7: Circleside attempts “Joy to the World.” Another bloodless version of a Christmas standard. Dire. Avoid at all costs.
8: Centricity continues its Sherman-esque path of destruction through the Christmas canon with Jaime Jamgochian’s painful rendition of “Come, Thou Long-Expected Jesus.”
9: Once again, Jason Gray comes to the rescue with “Miriam,” a darkly tender paean to the mother of Jesus. The lyrics are surprising, given the album’s tendency toward treacle: “Medieval paintings glaring down / stony figures judge and frown / wearing a halo like a crown / could that be Miriam? / Gentile temples, stained-glass worlds / cherubim with golden curls / how unlike your Hebrew world, sweet Miriam / I don’t know if you ascended / I don’t care what’s been amended / there was once your miracle / the faith of a little girl …” The zealous overproduction has been more or less kept at bay here, allowing us to hear the actual song, and it’s a gem, heartfelt and unpretentious.

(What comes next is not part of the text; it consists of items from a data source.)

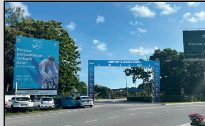
1 x Roadside Arch at Airport Roundabout Towards Airport Wings Hotel
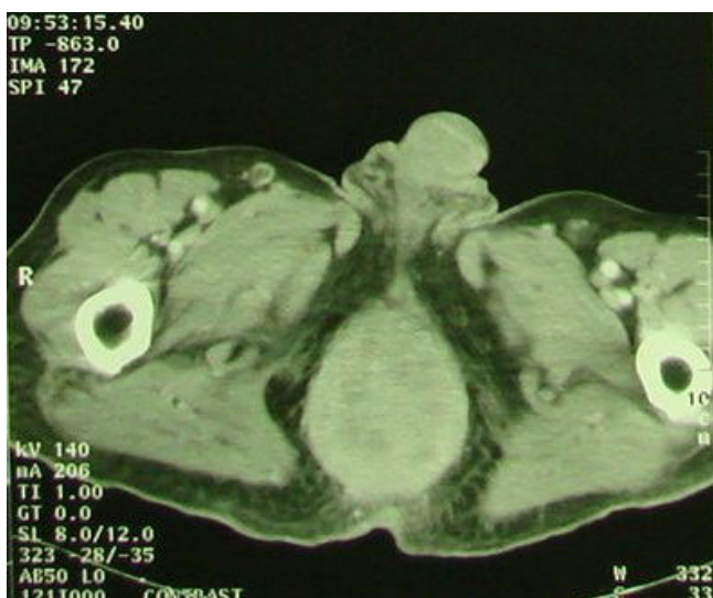
Figure 4 Pelvic computed tomography scan performed before chemotherapy treatment shows the Bulky anorectal process with enlarged lymph nodes in the inguinal areas (see arrows).

Tumours were considered to be primary on the following grounds: 1. The patient at first dose not present palpable superficial lymphadenopathy; 2. Chest radiographs showed no obvious enlargement of the mediastinal nodes; 3. The white blood cell counts, total and differential, were within normal limits; 4. At laparotomy the bowel lesion predominated, the only lymph nodes, obvi-
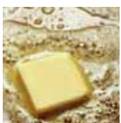
Butter / oil
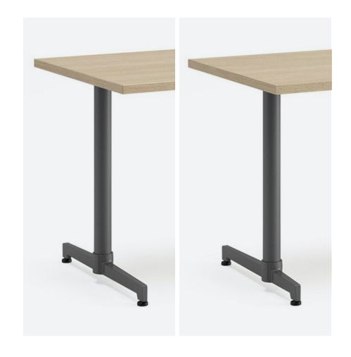
Two base style options include a T base and a Cantilever base.
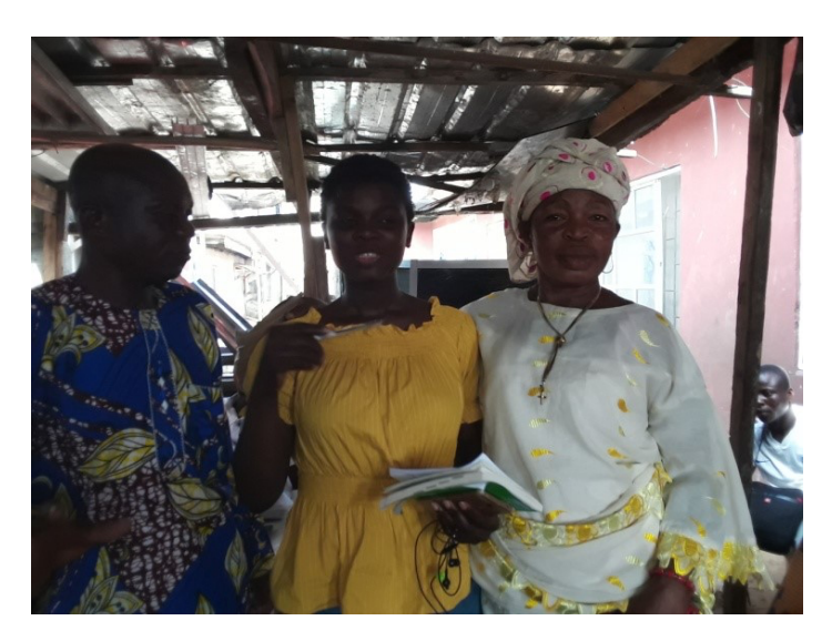
Plate 1: The Researcher and Union Leader and Secretary at the first meeting with the alcohol seller Union Members at Ibeju-Lekki

Approval for this study was given by the alcohol seller's Union Leaders after the objectives and significant of this study was discussed. The researcher later visited the Participants for this study in their shops, cabins and roadside kiosks at Eti Osa and Ibeju Lekki Local government, Lagos and also attended their weekly meetings where they had most of the focus group discussion. Interviews were conducted in Yoruba and English language at different locations within the study areas. At the initial stage of this study, the respondents were reluctant to admit alcohol sales during lock down, there were fearful because they mistook the researcher for a detective or government spy. The fieldwork last from 22 October to 19 December, 2020<sup>4</sup>. The total numbers of participants were forty four (44), thirty three (33) women<sup>5</sup> and eleven (11) men but the researcher only documented thirty two (32) participants because some participants refused to give their details<sup>6</sup>. While some participants bluntly rejected voice recording and image capturing, few agreed to image capturing only from behind<sup>7</sup>.
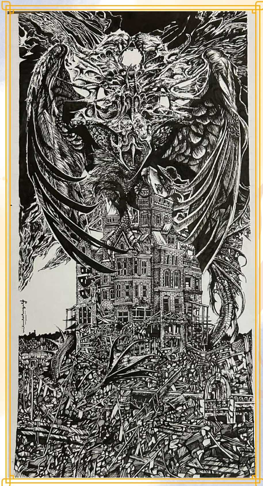
Milinda Angel (XI-O)
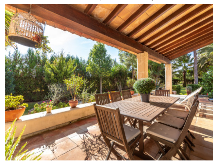
Covered outdoor dining area
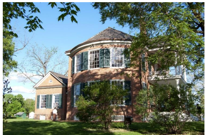
Grouseland Photos from SHAARD
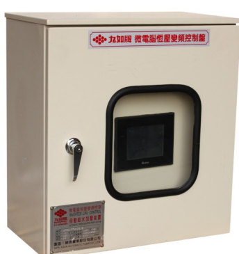
Inverter pump control panel (double-layer door with touch screen)
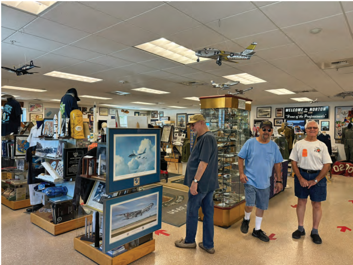
(Page 1) Several Model As of the Orange Blossom Model A Club and the Paradise Valley Model A Club line up outside the Norton Air Force Base Museum.
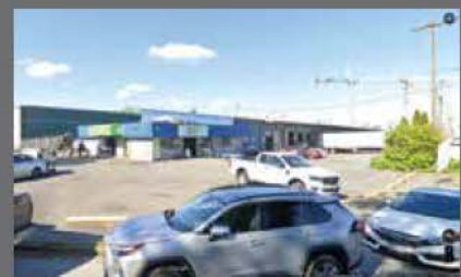
Regional Recycling - Vancouver Operator: 682393 BC Ltd 960 Evans Avenue
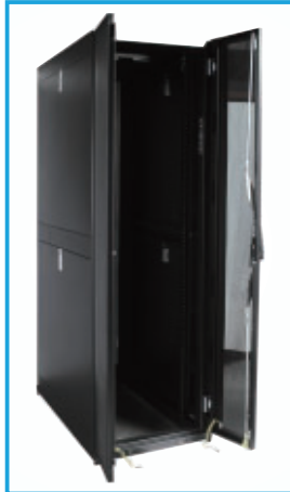
Rear Door-Double section
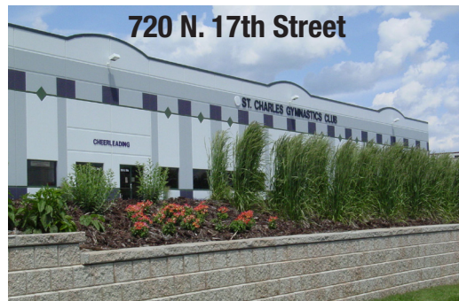
720 N. 17th Street

LINDA HERMOLD RIPPER, MANAGING BROKER 630-878-8387
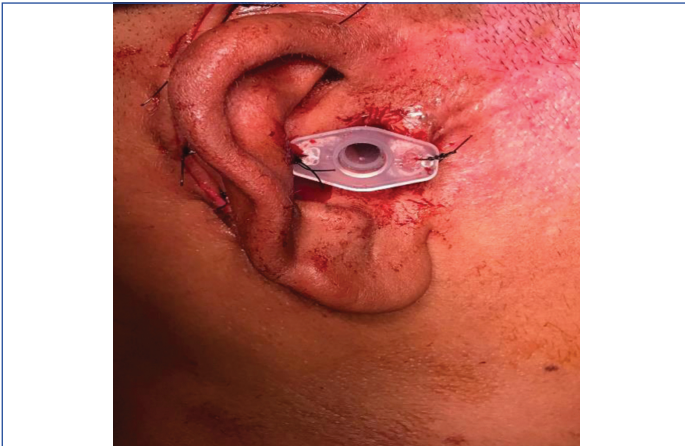
[Table/Fig-3]: Immediate postoperative image of right ear showing stent placed upto bony-cartilagenous junction of External Auditory Canal (EAC).

was noted in anterosuperior quadrant of tympanic membrane. Bony part of EAC widened using diamond burr. The postaural incision was extended superiorly, temporalis fascia was harvested. The perforation was sealed by overlay technique using temporalis fascia. Gel foam placed in bony part of EAC. A stent was kept by using a 1cc syringe which was cut into half and placed up to bony cartilagenous junction of EAC and gel foam was placed surrounding it. Postauricular incision was sutured and stay sutures applied to stent [Table/Fig-3] and mastoid dressing done. Complete haemostasis was maintained throughout the procedure. Patient was extubated and shifted to postoperative care unit under stable condition.
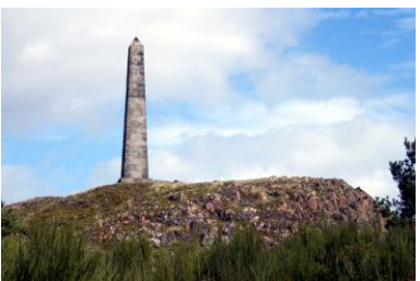
Monument Hill, Lilleshall

We encountered Pre-Cambrian rocks behind the village hall and on Monument Hill. They comprised purple, pink and orange rhyolite tuffs and breccias associated with the Uriconian Volcanics (Eastern Uriconian Group), for which Lilleshall is apparently the type area. The Group forms a series of hog backed hills, or inliers, along the line of the Church Stretton Fault, and include Ragleth Hill, the Lawley, Caer Caradoc, the Wrekin and Ercall Hill at the northern end of the Coalbrookdale Coalfield. At the base of Monument Hill these rocks comprise grey shales with flattened lapilli, and become purple, pink and orange massively bedded fine grained rocks containing
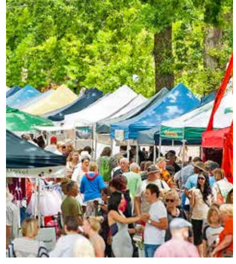
Adelaide Farmers Market -Located less than 2 kms away in the Adelaide Showgrounds open on Sunday mornings.

Adelaide Parklands Rail Terminal Interstate Passenger Railway Station -Less than 2 kms commute.
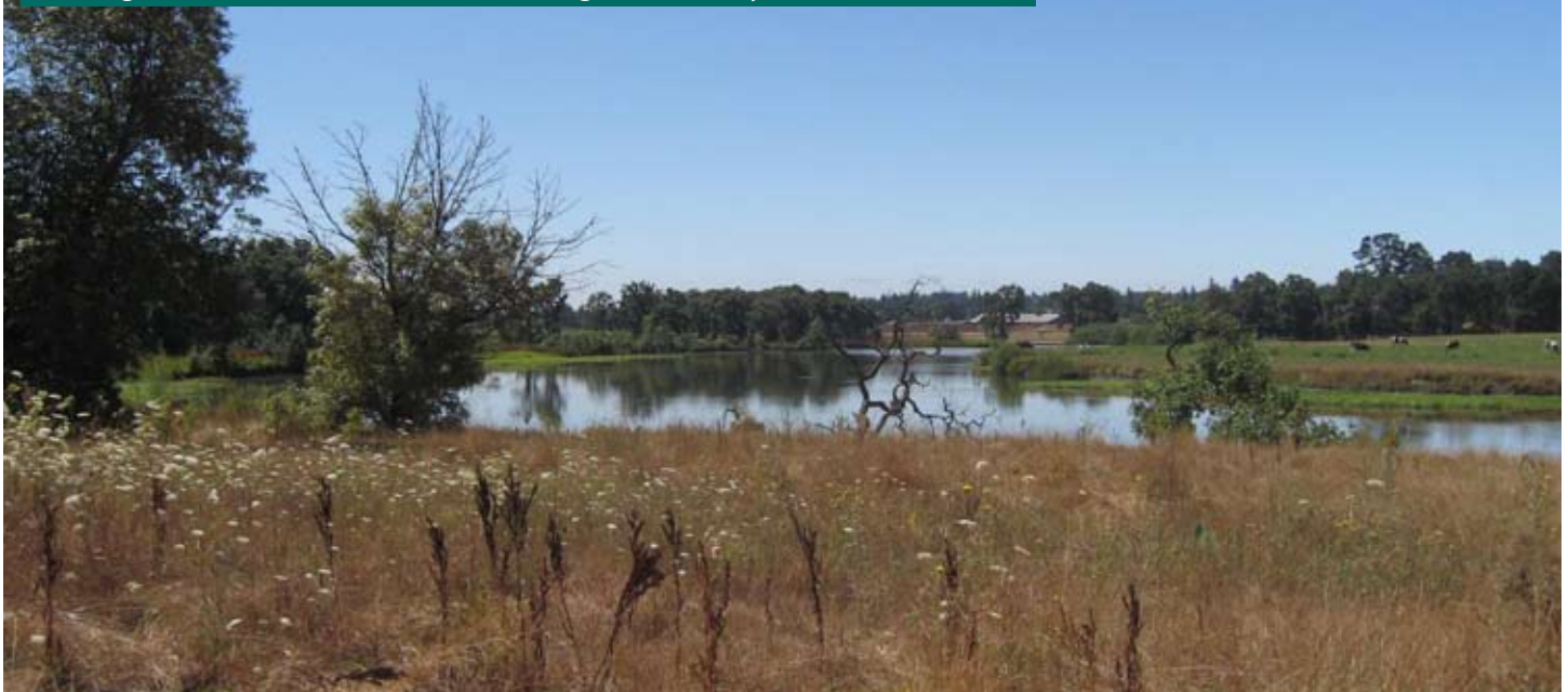
Looking South from near Occidental Road, Laguna Walk, July 2009
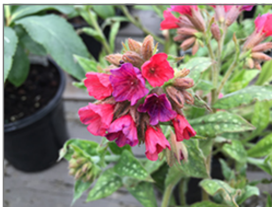
Lisa Marie Lungwort flowers

10: “What Child Is This?” by Daniel Kirkley. The Velveeta flows freely here as another classic bites the dust. The inherent spirit of wonder and hushed reverence of “What Child Is This?” has been completely trampled. Have they no shame? Take a straw poll, Centricity, and you will find that “bombast” is not a word most of us associate with “Greensleeves.”
11: “Oh Come Let Us Adore Him,” Centricity Community Choir. See reviews of tracks 3, 5, 7, 8, and 10.
A nice little four-song EP is tucked away in Bethlehem Skyline, but this in no way justifies its purchase. I recommend that you check out the individual albums by Downhere (Wide-Eyed and Mystified) and especially Jason Gray (All the Lovely Losers).